As a major business segment of Tyco International Ltd., Tyco Healthcare manufactures, distributes and services an extensive product line including disposable medical supplies, monitoring equipment, innovative wound closure products, advanced surgical devices, medical instruments and bulk analgesic pharmaceuticals. With industry-leading brand names such as Autosuture, Kendall, Mallinckrodt, Nellcor, Puritan Bennett, Syneture and Valleylab, Tyco Healthcare products are found in virtually every healthcare setting. More information can be found at www.tycohealthcare.com.
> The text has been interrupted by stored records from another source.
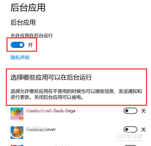 进入后台应用界面,如下图,上方有总开关,若是封闭此按钮,所有应用后台利用,均会被禁止。框选内容介绍了后台启动的感化,以及封闭后可节电。
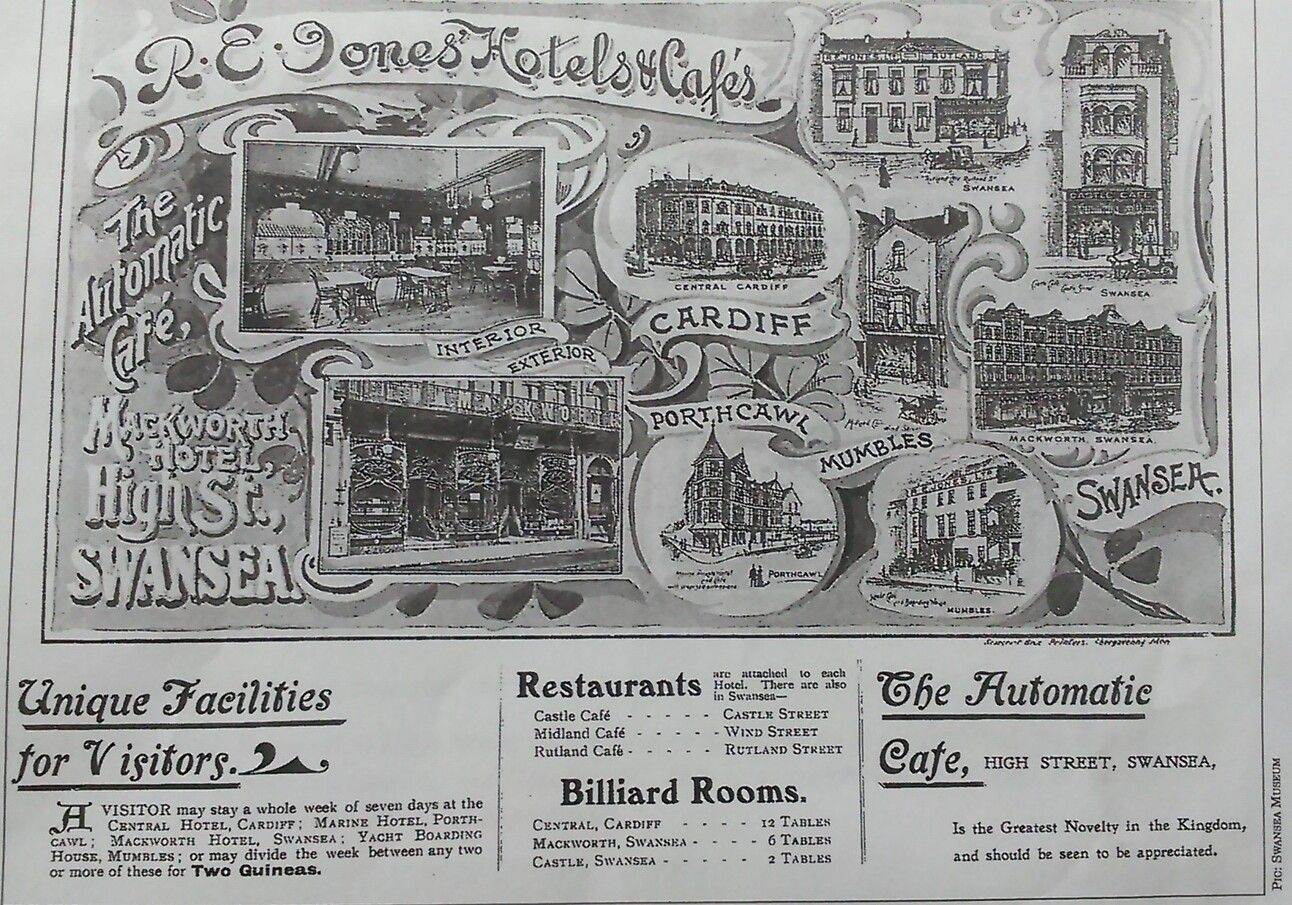 The success of the Mackworth Hotel venture led Jones to expand, opening additional automats in Cardiff and at The Yacht Cafe in Mumbles. The Mumbles location operated until 1920-21, when it became the Beach House café.
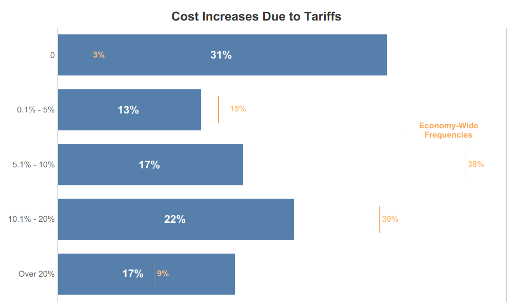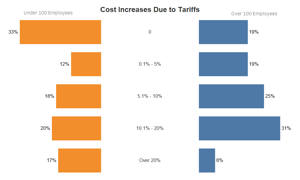 The size gap: Smaller businesses are nearly three times as likely as larger companies to report cost increases exceeding 20% (17% vs. 6%). Larger operators can hedge by locking in long-term purchase agreements or pre-ordering inventory, smaller operators absorb higher costs in real-time.
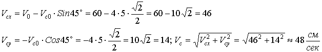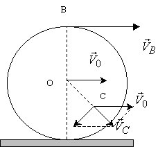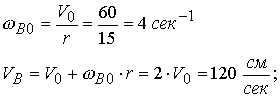 Колесо радиуса r = 15 см катится по горизонтальной плоскости со скоростью V0 = 60 см/сек. Найти скорости точек ''В'' и ''С'', если ОС = 5 см.Р е ш е н и е.
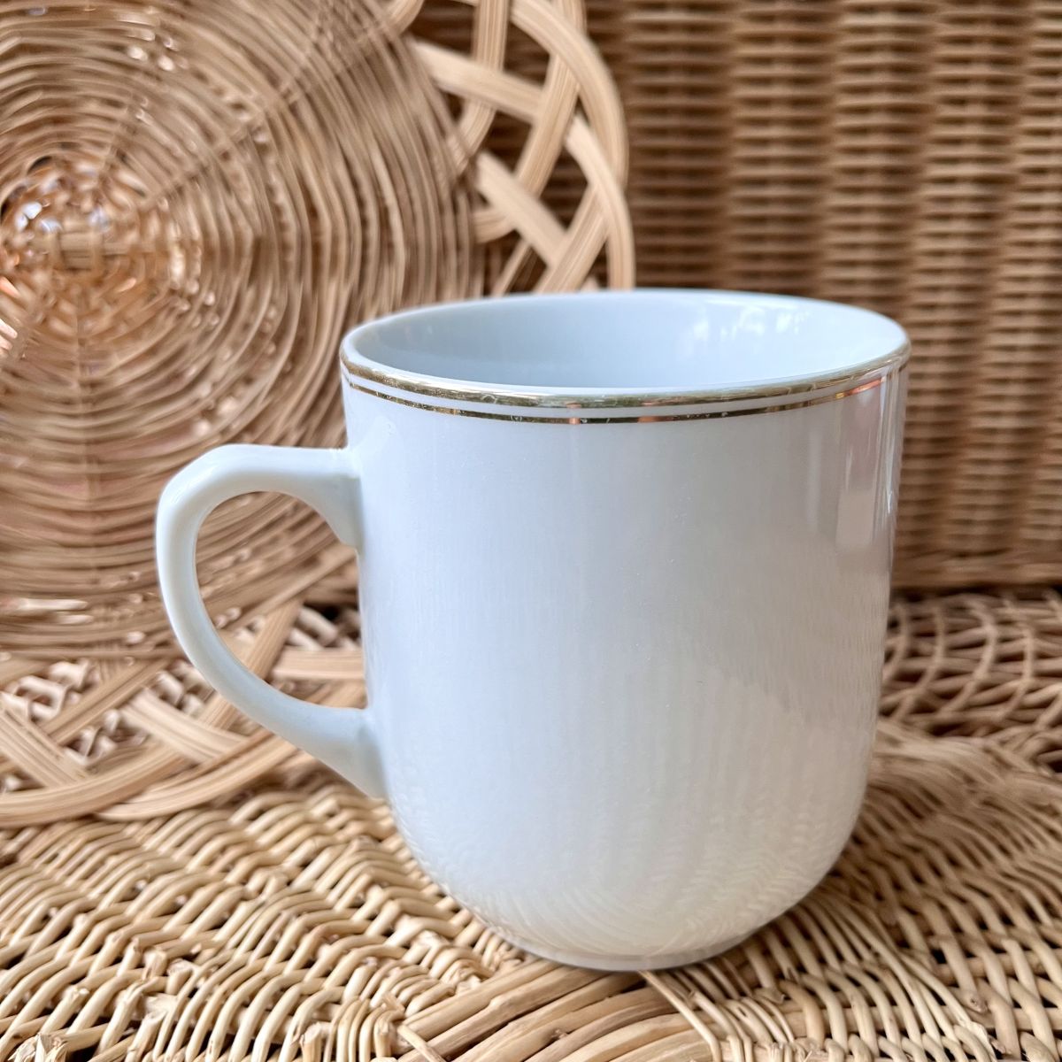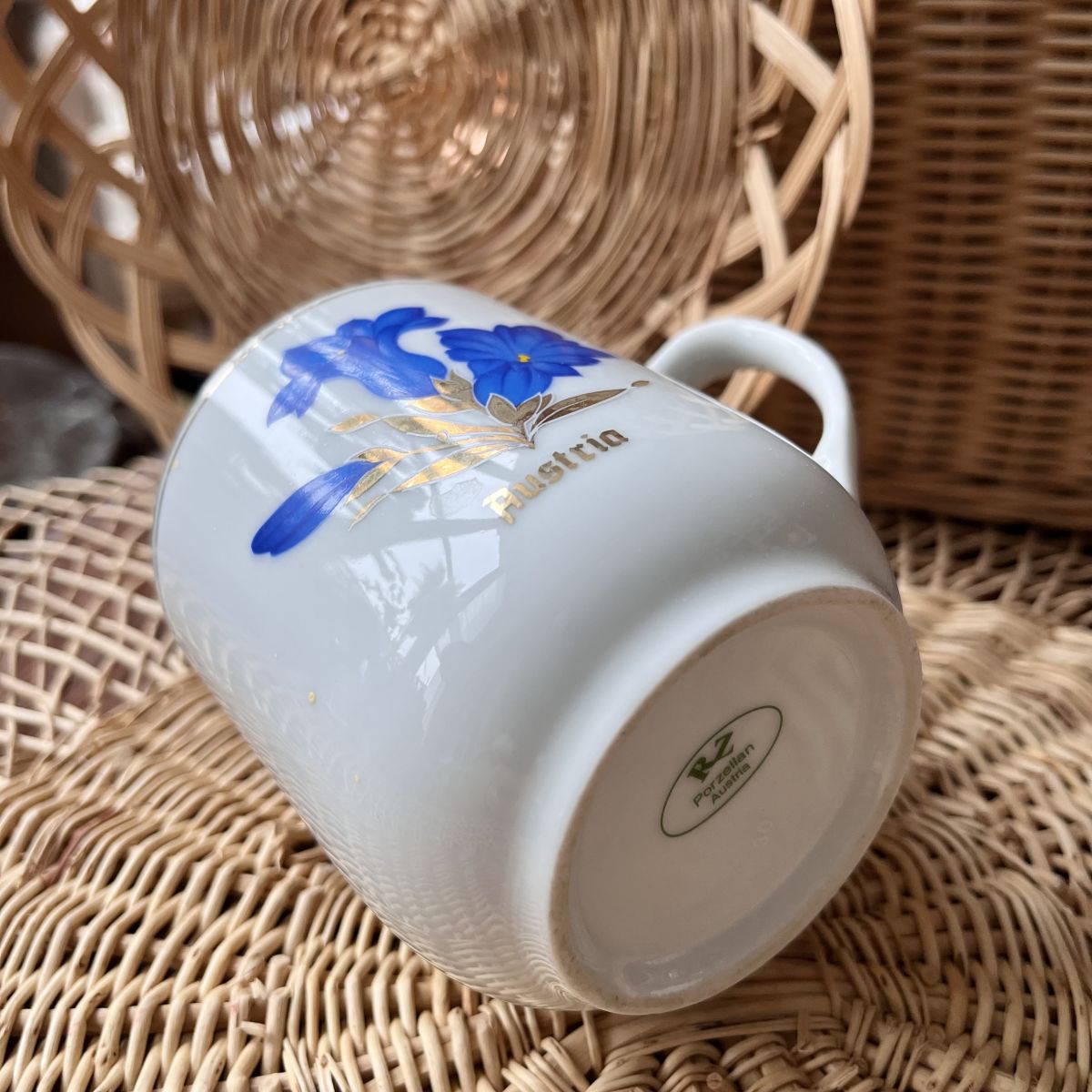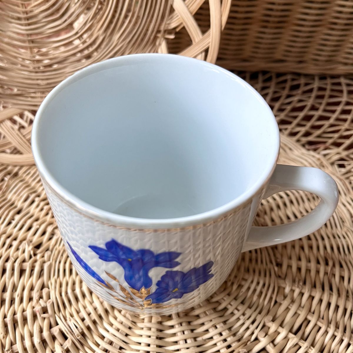 Mug ancienne ou grande tasse haute à décor bleu et or de fleur façon herbier, en porcelaine blanche éclatante.
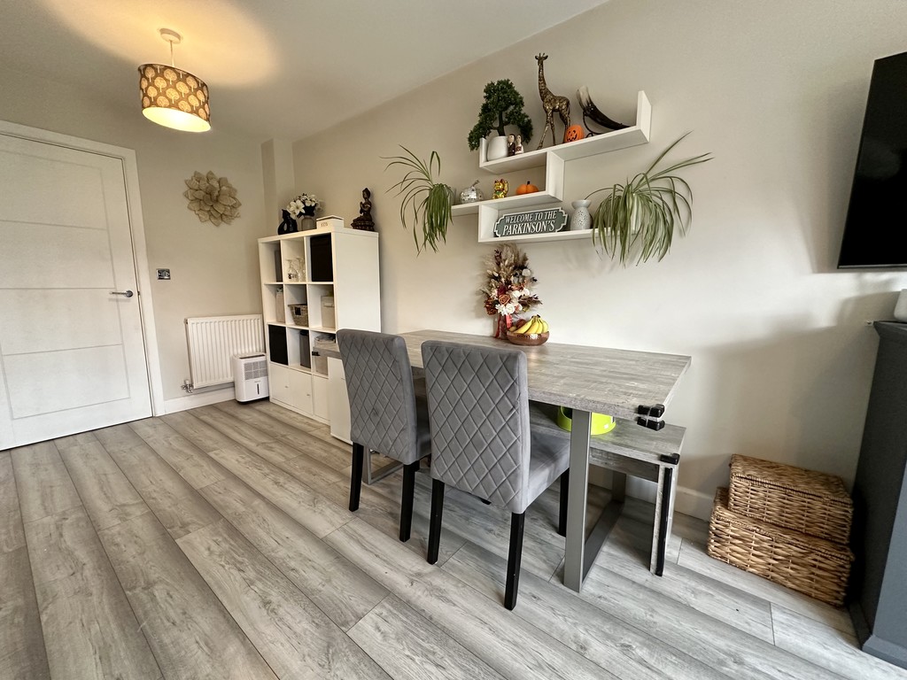 ENTRANCE HALL 3' 9" x 6' 3" (1.15m x 1.91m) This superb home is accessed via the front facing double glazed frosted door to the entrance hallway, door to the WC, door to the living room, radiator, laminate flooring, spotlight and alarm system.
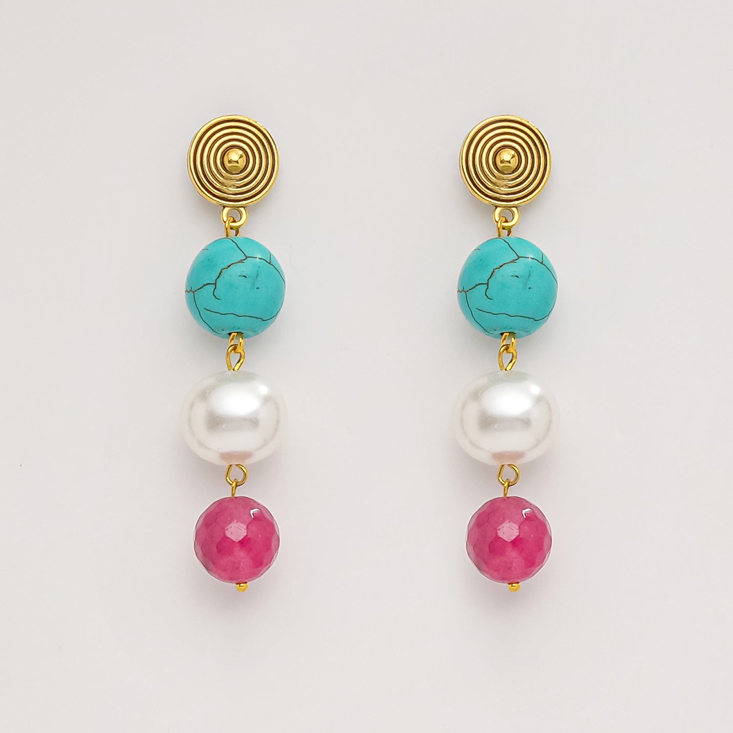 Enhance Your Look with Eykaa: Korean Pearl Ball Earrings with Eykaa Firoza and Maroon Jade.
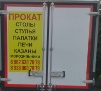 Прокат столы, стулья, морозильники, печи, палатки, кипятильники, посуда, доставка по Сунженскому и Назрановскому району т. 89287435658
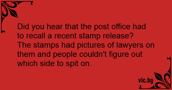 The stamps had pictures of lawyers on them and people couldn't figure out which side to spit on.
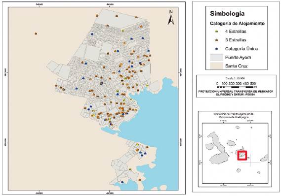 El universo total de los hoteles en Santa Cruz corresponde a 137 establecimientos, que se encuentran identificados en la figura 1, basados en los registros del Observatorio de Turismo de Galápagos a 2018. Se excluyen ciertos hoteles que no se reflejan en el mapa, porque están ubicados por fuera de las coordenadas establecidas para el mismo.
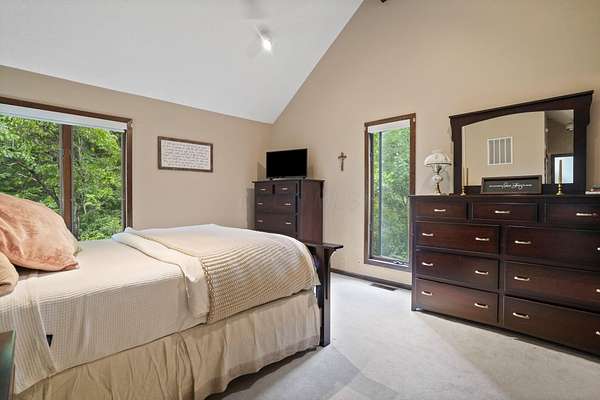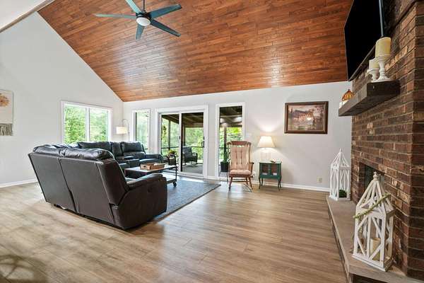 10 ACRES + LAKE VIEWS! Every inch of this pristine property has been meticulously maintained and the interior has a perfect flow with combination of indoor/outdoor living, perfect for entertaining family and friends alike. Beginning with curb appeal, the beautiful exterior and landscaping create a whimsical and peaceful feeling, welcoming you home into your own personal oasis. Multiple outdoor spaces to enjoy the beautiful lake views, whether the back deck, or the screened-in porch, the garden, your own personal orchard, or enjoying the fully concrete driveway, garage, and more! Inside, the vaulted entryway and loft make the space feel welcoming, with large windows and tons of natural light. The formal dining space opens to the stunning and completely renovated kitchen, complete with new cabinetry, quartz countertops, coffee bar area, and top-of-the-line appliances. The living space is complete with the focal 2-story fireplace, and screened porch to enjoy the sunsets over the lake. There is a second living space, complete with wet bar, half bath, and oversized windows highlighting the lake view. The main floor has 2 bedrooms with generous closet space and updated full bathroom. Upstairs, there is an open vaulted space, perfect for an office, playroom, or could be finished into another bedroom. The primary suite is upstairs and complete vaulted ceilings, plenty of storage/closet space, and en-suite soaking tub, shower, and double vanity. This home has neutral paint throughout and BRAND NEW windows and doors, whole house generator. Too many updates and amenities to list - you must see in person to appreciate the true beauty of this property. Perfect location, seconds from US-33, Lake Logan, shops, restaurants, schools, and parks. Welcome to your home sweet home! Please see ATA Remarks - this property has deed restrictions limiting owner-occupants.
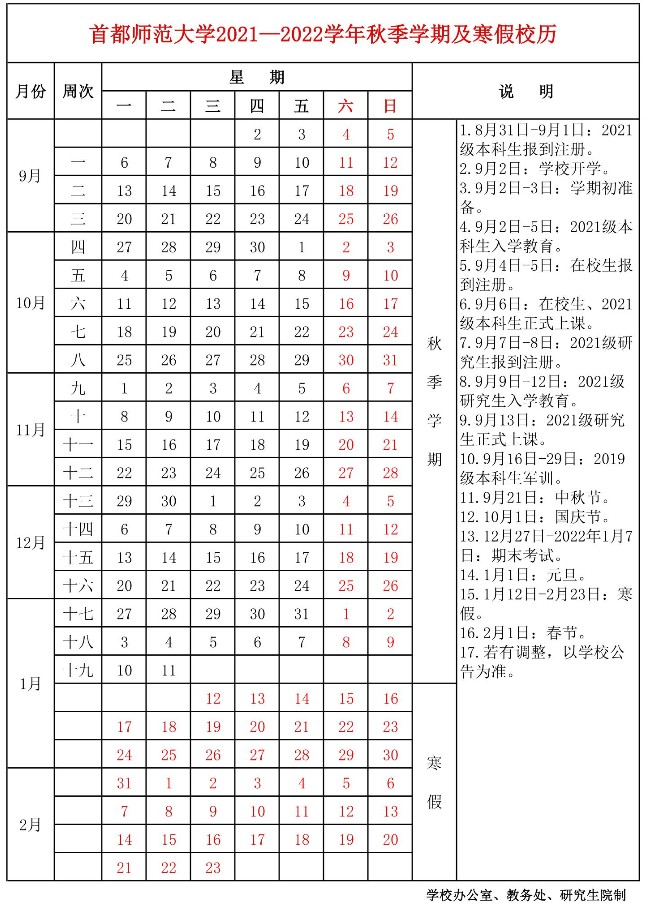 2022首都师范大学寒假放假时间

This release may contain certain "forward-looking statements" within the meaning of the United States Private Securities Litigation Reform Act of 1995. These statements are based on management's current expectations and are subject to risks, uncertainty and changes in circumstances, which may cause actual results, performance or achievements to differ materially from anticipated results, performance or achievements. All statements contained herein that are not clearly historical in nature are forward-looking and the words "anticipate," "believe," "expect," "estimate," "plan," and similar expressions are generally intended to identify forward-looking statements. The forward-looking statements in this release include statements addressing the following subjects: future financial condition and operating results. Economic, business, competitive and/or regulatory factors affecting Tyco's businesses are examples of factors, among others, that could cause actual results to differ materially from those described in the forward-looking statements. Tyco is under no obligation to (and expressly disclaims any such obligation to) update or alter its forward-looking statements whether as a result of new information, future events or otherwise. More detailed information about these and other factors is set forth in Tyco's Annual Report on Form 10-K for the fiscal year ended Sept. 30, 2004, and Quarterly Report on Form 10-Q for the quarterly period ended April 1, 2005.